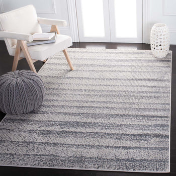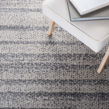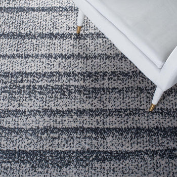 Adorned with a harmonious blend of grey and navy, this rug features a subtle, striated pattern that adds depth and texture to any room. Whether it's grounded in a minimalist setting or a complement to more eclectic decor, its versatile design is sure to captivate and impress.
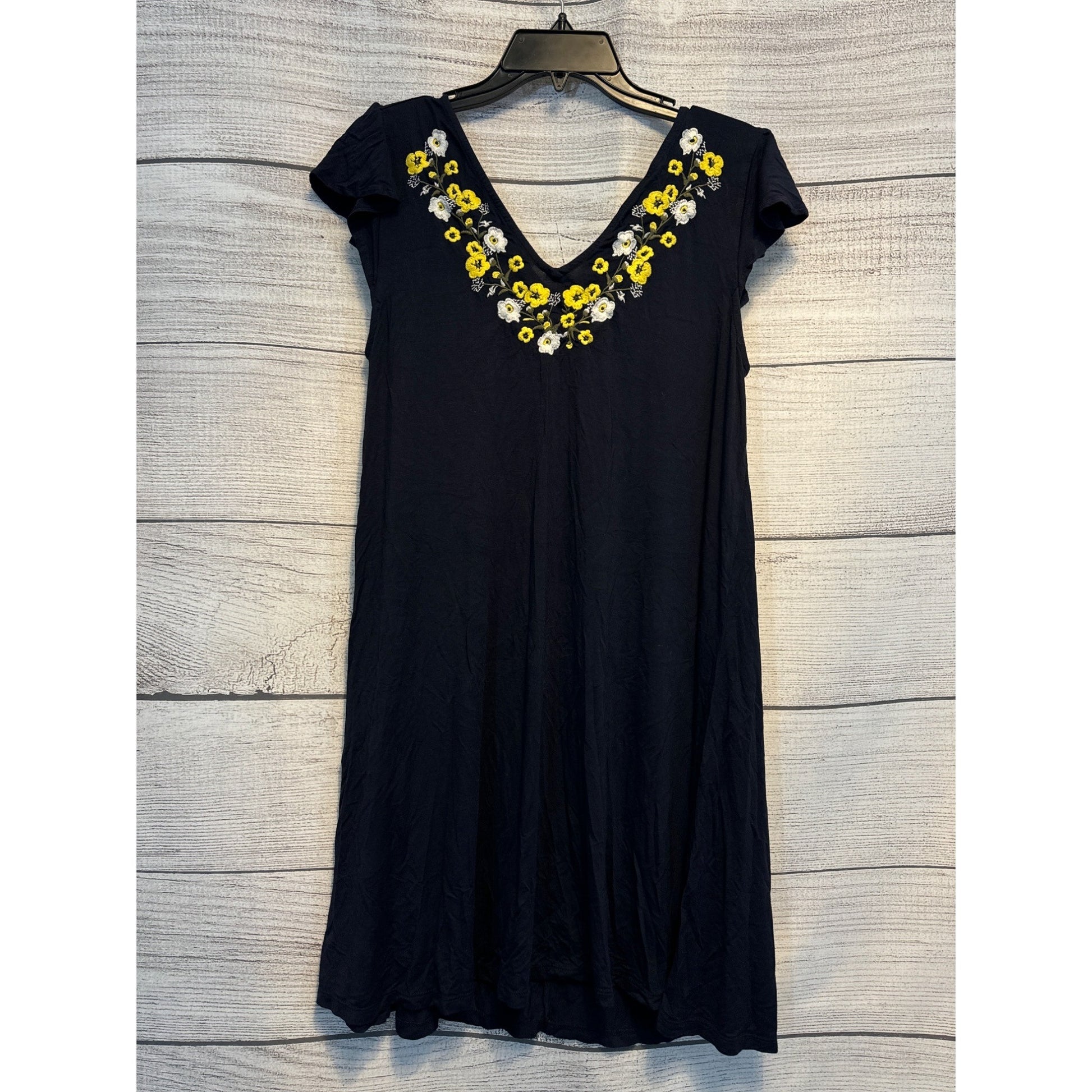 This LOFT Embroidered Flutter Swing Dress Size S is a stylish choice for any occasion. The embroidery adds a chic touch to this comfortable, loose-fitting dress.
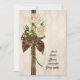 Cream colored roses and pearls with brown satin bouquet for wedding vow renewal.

- Work to complete: Print the material above once more, exactly, minus the pictures.

- Written answer:
 Adorned with a harmonious blend of grey and navy, this rug features a subtle, striated pattern that adds depth and texture to any room. Whether it's grounded in a minimalist setting or a complement to more eclectic decor, its versatile design is sure to captivate and impress.
 This LOFT Embroidered Flutter Swing Dress Size S is a stylish choice for any occasion. The embroidery adds a chic touch to this comfortable, loose-fitting dress.
 Cream colored roses and pearls with brown satin bouquet for wedding vow renewal.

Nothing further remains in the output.